Now that all three volumes had appeared, the critics were able to make a full assessment of The Lord of the Rings. C. S. Lewis paid another tribute in Time & Tide: ‘The book is too original and too opulent for any final judgement on a first reading. But we know at once that it has done things to us. We are not quite the same men.’ A new voice was added to the chorus of praise when Bernard Levin wrote in Truth that he believed it to be ‘one of the most remarkable works of literature in our, or any, time.

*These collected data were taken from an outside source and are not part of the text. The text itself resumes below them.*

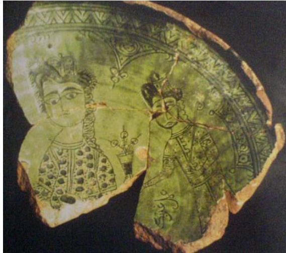
Resim 2.16. Kubadabad, Slip Tekniğinde Tabak Parçası, Konya Karatay Müzesi (F.Özsoy)

Tokat ve Konya Karatay Müzesinde bulunan tabak parçalarında (Resim 2.15) ve
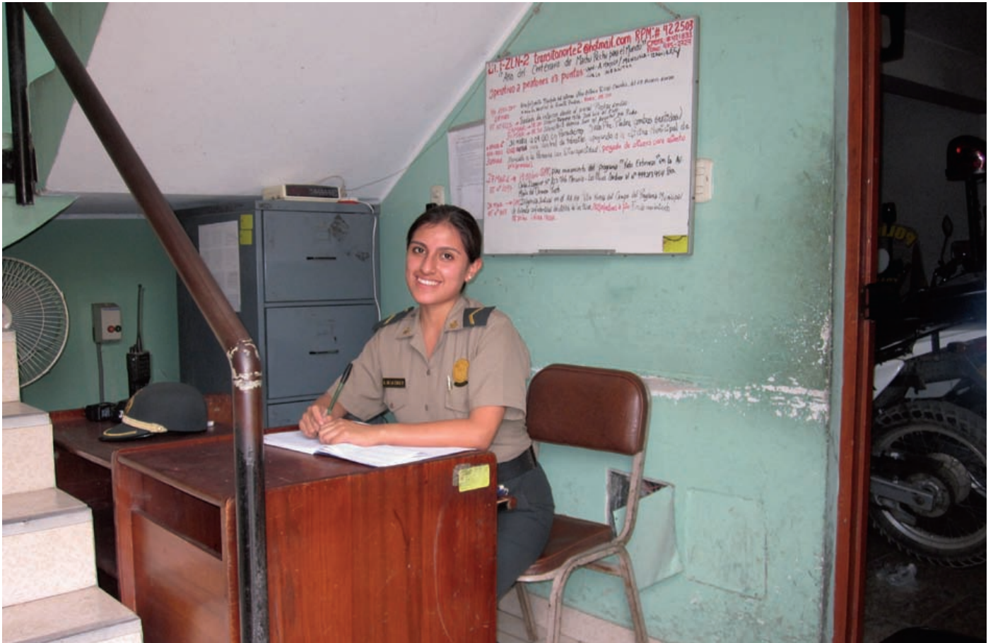
Avskildhet? Ergonomi? Luftigt med bra ljus och lämplig luftbehandling? Ljudmiljön? Permanent arbetsplats? Fikaautomat? Bilden föreställer en arbetsplats hos trafikpolisen i Lima, Peru.

Lokalproblem är en av de återkommande frågor som tas upp på länets skyddsombudsmöten.
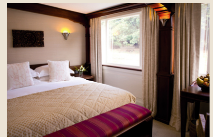
Kabine mit Doppelbett
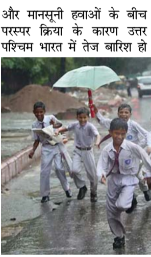
रही है। जिसमें दिल्ली भी शामिल है, जहां मौसम की पहली बहुत भारी बारिश हुई। सीएम केजरीवाल ने कैसल की अधिकारियों की संडे की छुट्टी इसी बीच दिल्ली के मुख्यमंत्री अरविंद केजरीवाल ने आज सभी विभागों के अफसरों को संडे की छुट्टी को कैसल कर दिया और उन्हें काम करने के निर्देश दिए हैं। टोटल बारिश का 15वें मात्र 12 घण्टे में बरसा। इससे जलभराव कि स्थिति पैदा हुई, जिससे लोग काफी परेशान हुए, इसी को ध्यान में रखते हुए उन्होंने कहा कि आज दिल्ली के सभी मंत्री और मेयर परेशानी ग्रस्त इलाकों को इंपेक्शन करेंगे। साथ ही सभी विभागों के अफसरों को संडे की छुट्टी कैसिल कर ग्राउंड पर उतरने के निर्देश दिए हैं।

नई दिल्ली। दिल्ली में दो दिन से लगातार हो रही बारिश से जलभराव की स्थिति पैदा कर दी है। जिससे लोगों को आने जाने में काफी परेशानी का सामना करना पड़ रहा है। इसको लेकर मौसम विभाग ने येलो अलर्ट भी जारी कर दिया है। इसी बीच दिल्ली के मुख्यमंत्री अरविंद केजरीवाल ने रविवार को घोषणा की है किदिल्ली के सभी स्कूल सोमवार को एक दिन के लिए बंद रहेंगे। एक दिन के लिए दिल्ली के सभी स्कूल हूए बंद दिल्ली के मुख्यमंत्री अरविंद केजरीवाल ने ट्वीट कर इस बारे में जानकारी दी। उन्होंने कहा कि दिल्ली में पिछले 2 दिनों से हो रही मूसलाधार बरसात और मौसम विभाग की चेतावनियों को ध्यान में रखते हुए एक दिन के लिए बंद किया जा रहा है। पश्चिमी विक्षोभ और मानसूनी हवाओं का प्रकोप जारी बता दें कि पश्चिमी विक्षोभ
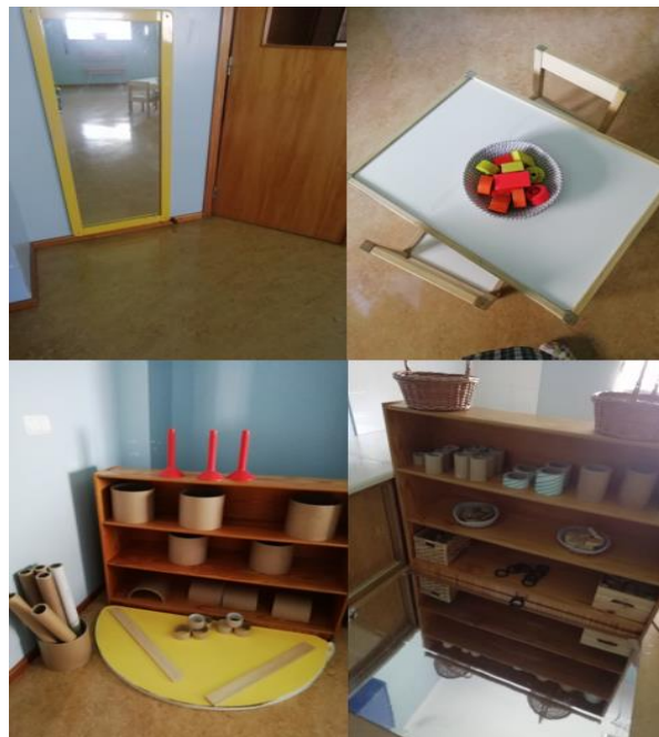
Figura 5 - Disposição da sala de reserva no 2º momento

Num segundo momento, este também realizado na sala de reserva, estavam disponíveis materiais como peças de madeira de várias cores e formatos; tubos de cartão diversificados quer em comprimento quer em largura, alguns divididos ao meio; e um espelho, estes materiais dispostos como mostra a seguinte composição de imagens:
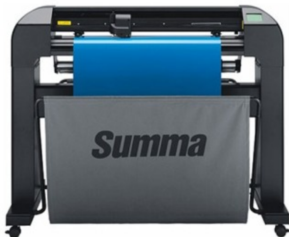
Ploteris Summa S75-T

Ploterijoje, išpjaustome raides, logotipus į įvairaus pločio, ilgio, storio plėvelių (iki 80 cm pločio). Ploteriai naudoja tangentinę technologiją, kuri remiasi motoru kontroliuojamu peilio pasukimu pagal pjovimo vektorių. Technologija pasiekia didesni smulkių detalių, šriftų tikslumą, geresnę įsirinkimo kokybę bei platesnes galimybes prapjauti itin storas ir kietesnes medžiagas.
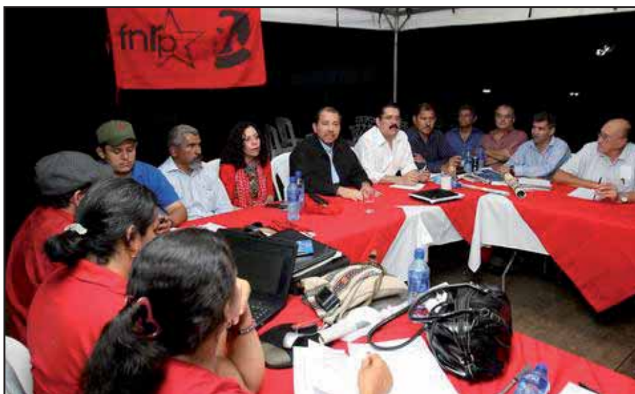
La dirigencia del FNRP reunida en Managua con Daniel Ortega

No obstante, uno de los enormes errores de los dirigentes fue el de plegarse a las intenciones de Zelaya, que por cierto pasaban por su restitución a través del diálogo y no por la derrota de Michelletti a través de insurrección y la huelga general. La falta de independencia de la dirección del frente condicionó la orientación política de la población en resistencia, por un lado nos encontrábamos con amplios sectores que avanzaban sobre las intenciones de la dirección y que eran frenados por el "pacifismo", mientras la policía y el ejército arremetían fuertemente con la población civil. Empero, el error político de la dirección del Frente y de Zelaya fue el de creer en los tramposos
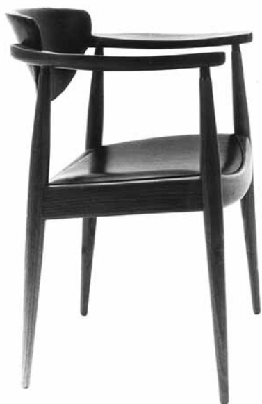
5. Bernardo Bernardi, polunaslonjač s rukonaslonom u proizvodnji Drvne industrije Vrbovsko, 1961.
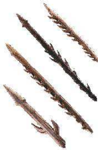
Harpons taillés dans des bois de cervidés
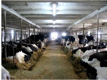
Рисунок 7. Коровник

сы многократно повысили производительность труда доярок. Фактически это промышленные предприятия, где коровы рассматриваются как биологический механизм.
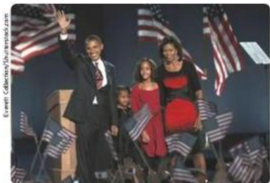
O presidente Barack Obama e sua família comemoram a vitória nas eleições. Chicago, Illinois, Estados Unidos, 2008.

Só em 1964 [...] o presidente Lyndon B. Johnson aprovou a lei de direitos civis que vale até hoje nos EUA. A lei proibia a discriminação em lugares públicos e autorizava o governo dos EUA a processar qualquer estado que promovesse a segregação racial. No ano seguinte, o National Voting Rights Act passou a proibir os estados de impor qualquer restrição racial aos eleitores.
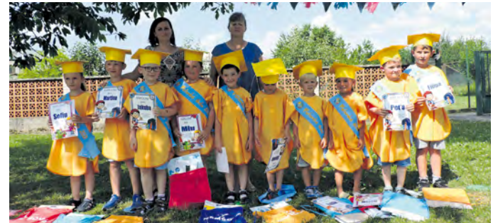
Rozlúčka predškolákov - trieda na Ulici Kropáčihó

Keďže nám nebol dopriať už druhý školský rok prežiť takpovediac plnohodnotne, tohtoročná jar bola v plnom nasadení. Intenzívne sme sa venovali výchovno-vzdelávaciemu procesu bez doplnkových aktivít, ktoré aj tak bolo možné realizovať iba v obmedzenom režime.
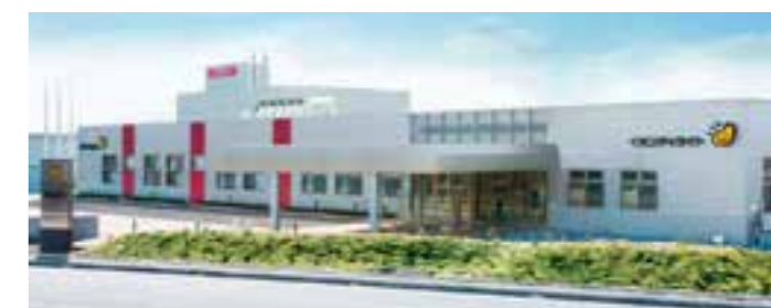
研究・研修施設「イオンディライトアカデミーながはま」

現場環境を再現した実践的な研修・講義から、知識や技術を習得できる施設「イオンディライトアカデミーながはま」を自社グループ内に保有。高い技術の習得だけでなく、お客さまの立場になり「おもてなし」する心も兼ね備えたプロフェッショナル人材を絶えず育成しています。「技術力」と「人間力」で、グローバルレベルのサービス品質を追求しています。
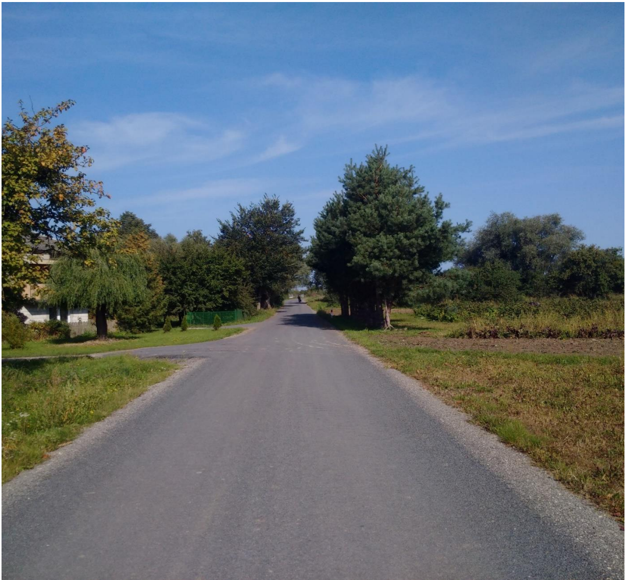
Przebudowa odcinka drogi w miejscowości Zwola
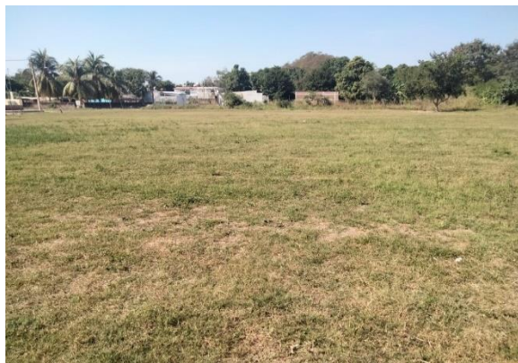
3.13 – Se podó campo de futbol de Santa Rita.
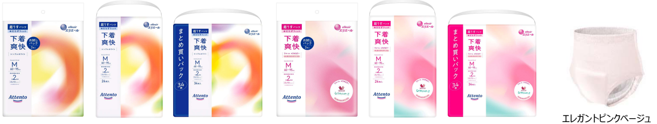
エレガントピンクベージュ
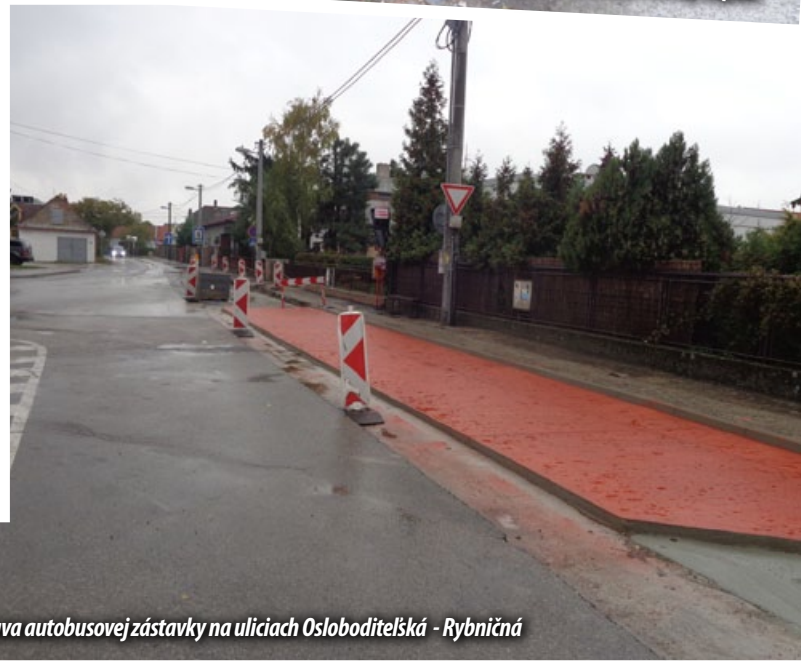
Oprava autobusovej zástavky na uliciach Osloboditeľská - Rybníčná
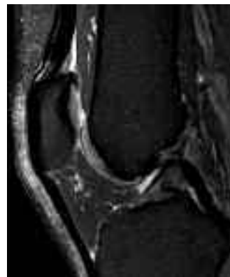
RM MUSCOLO SCHELETRICA (GINOCCHIO)

il funzionamento del muscolo cardiaco in movimento. In tal modo il radiologo è in grado di valutare il funzionamento del muscolo cardiaco in movimento . Sempre per quanto riguarda la risonanza magnetica cardiaca, ma più in genere di tutti gli organi del corpo umano, è di assoluto rilievo l'analisi perfusionale che consente di evidenziare eventuali necrosi (parte degli organi che non sono irrorate di sangue). Questo tipo di diagnosi è essenziale per la determinazione degli effetti di un infarto sul
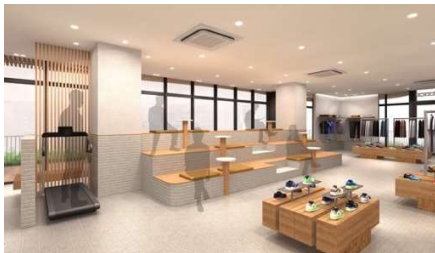
2階「ニューバランス Run Hub 代々木公園」イメージ
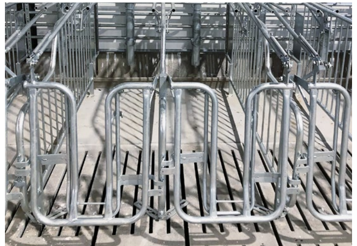
Rücktür mit leichtem Zugang für das Personal
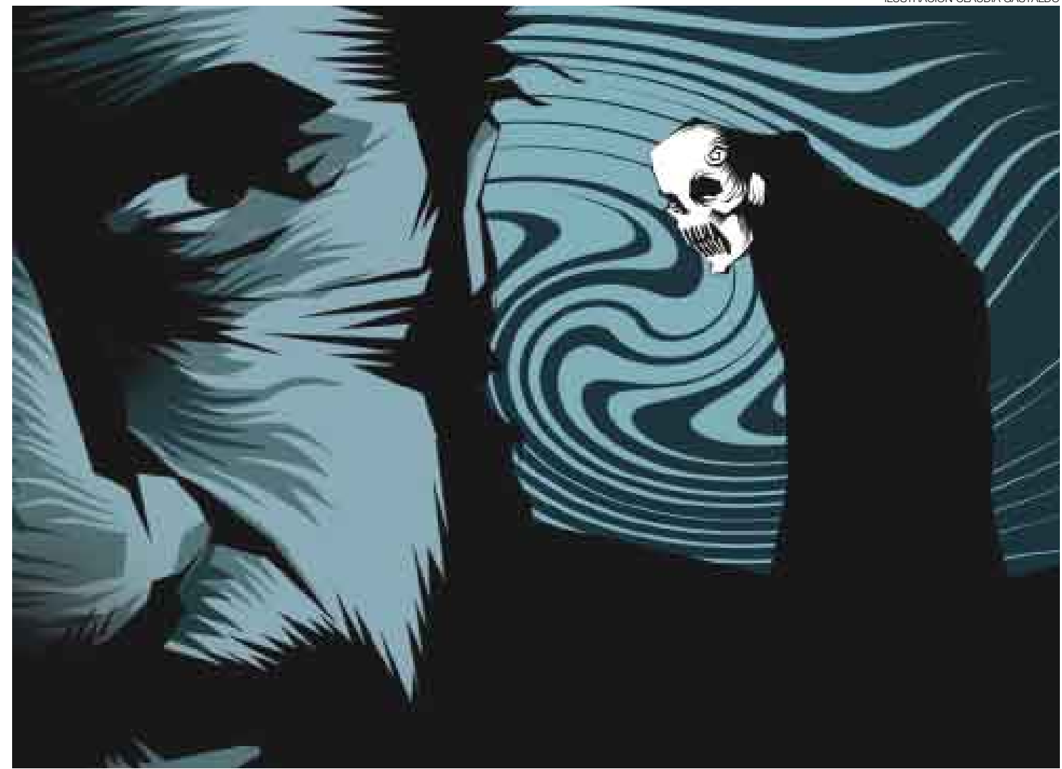
ILUSTRACIÓN CLAUDIA GASTALDO

La visita de Ahmadineyad sella la influencia decisiva de Teherán sobre las diversas milicias iraquíes que, al pasar a la ofensiva contra los suníes y Al Qaeda en el 2006, desencadenaron prácticamente una guerra civil. Las tribus y facciones suníes, excluidas del futuro político y económico iraquí, desposeídas de las rentas del petróleo —confiscadas por chiitas y kurdos en virtud de la nueva constitución—, instrumentalizaron al jefe de Al Qaeda en Mesopotamia, el jeque
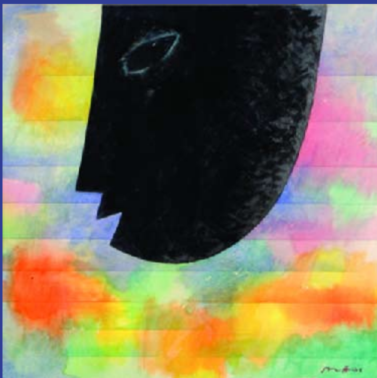
Image Colourful II Aquarelle sur toile, 52x52 cm, 1990 © Khoo Sui Hoe
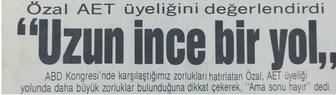
Görsel 1. “Özal AET Üyeliğini Değerlendirdi: ‘Uzun İnce Bir Yol’
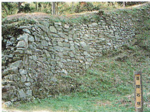
大野城(福岡県大野城市等)
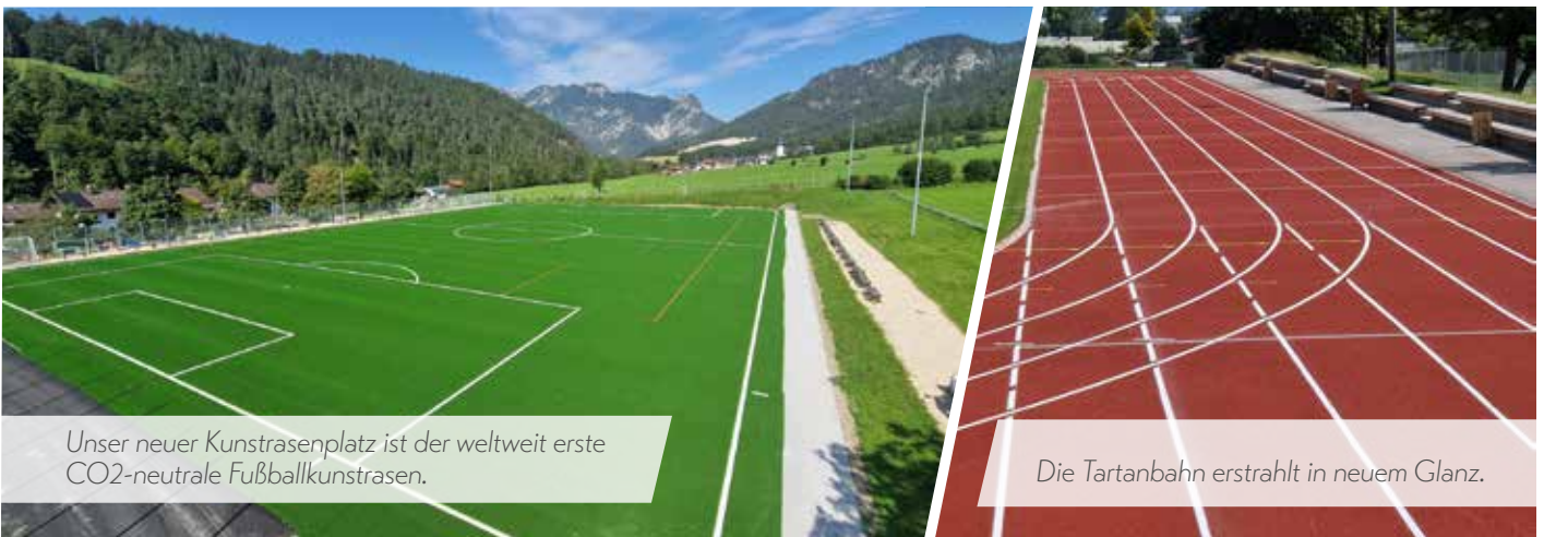
Unser neuer Kunstrasenplatz ist der weltweit erste CO 2 -neutrale Fußballkunstrasen.

Mit diesen Maßnahmen ist die Schul- und Breitensportanlage am Riedherrn nun bestens für die kommenden Jahre gerüstet.
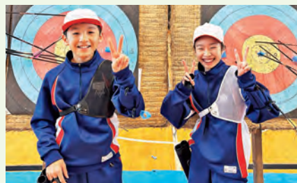
西山小学校5年生の皆さん

短い時間でしたが、授業を通してたくさんの児童にアーチェリーがどんなスポーツなのか知ってもらえたことは大きな一歩だったと思います。楽しんでいる様子を見て、より多くの町民の方々にアーチェリーに興味を持っていただけるよう、これからも頑張ってお知らせし、気持ちを新たにしました。来年もどうぞ応援よろしくお願いたします！
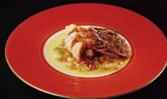
鲜虾 Shrimp 海老 RMB 78 元
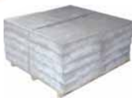
piastre lisce per camminamenti da spiaggia
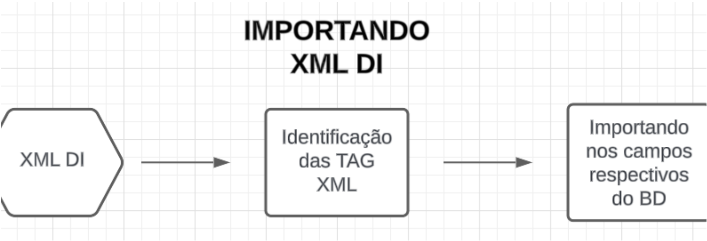
I - Fluxograma Exemplo
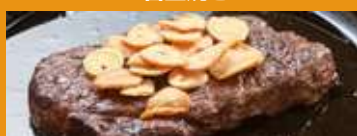
ガーリックチップ
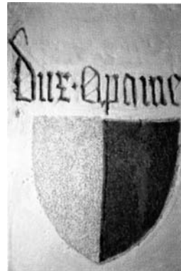
Im Wappensaal des Wenzelschlosses in Lauf sehen wir als Schluss-Stein den böhmischen Löwen, und im Wappenfries die Wappen des Markgrafentums Mähren, der Herzöge von Schlesien und Oppeln und des Herzogs von Scweidnitz und Troppau.
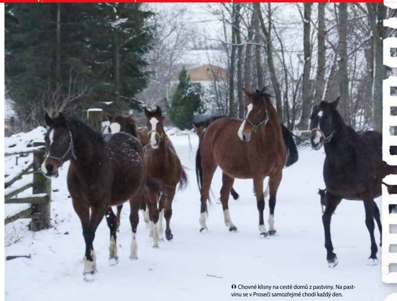
☛ Chovné klisny na cestě domů z pastviny. Na pastvinu se v Proseči samozřejmě chodí každý den.

se mu při práci na farmě hodí, naposledy si sami postavili kolotoč. Místní strojový park je bohatý, sami si suší seno i pěstují oves. Ovšem není mu lhostejný ani život v obci, takže pracuje v místním zastupitelstvu. Z akcí ho zase známe jako člena týmu předváděčů vyškolených Svazem chova-
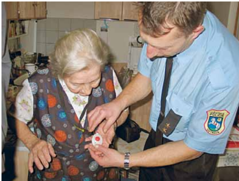
Obsluha přenosného tlačítka je velmi jednoduchá
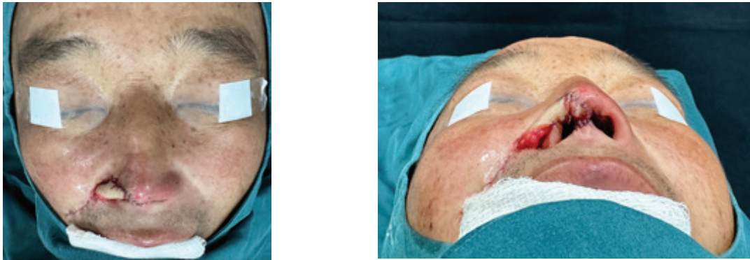
Рисунок 1 – Дефект кончика носа закрыт носогубным лоскутом (вид сразу после операции)
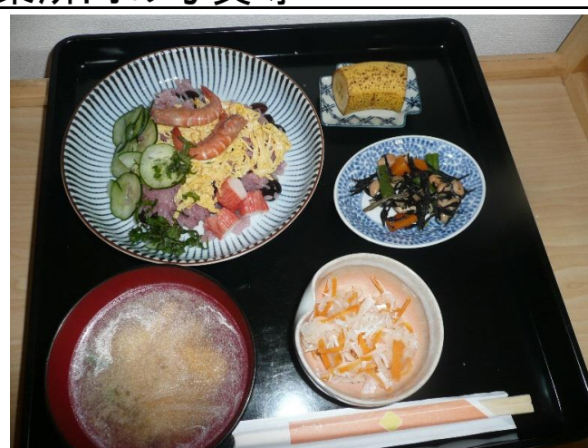
手作りの食事の一例
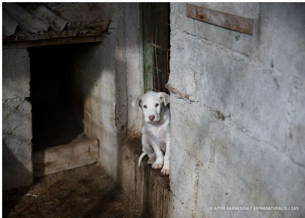
Een jachthondenpup in een van de fokkerijen voor jachthonden in Spanje.

It is comforting, in this troubled day, to be once more assured that the meek shall inherit the earth’. But there were further criticisms of the style. John Metcalf wrote in the Sunday Times: ‘Far too often Mr Tolkien strides away into a kind of Brewers’ Biblical, enwreathed with inversions, encrusted with archaisms’ and Edwin Muir returned to the attack in a review in the Observer headed ‘A Boy’s World’. The astonishing thing,’ he wrote, ‘is that all the characters are boys masquerading as adult heroes. The hobbits, or halflings, are ordinary boys; the fully human heroes have reached the fifth form; but hardly one of them knows anything about women, except by hearsay. Even the elves and the dwarfs and the ents are boys, irretrievably, and will never come to puberty.’
‘Blast Edwin Muir and his delayed adolescence,’ snorted Tolkien. ‘He is old enough to know better. If he had an M.A. I should nominate him for the professorship of poetry – sweet revenge.’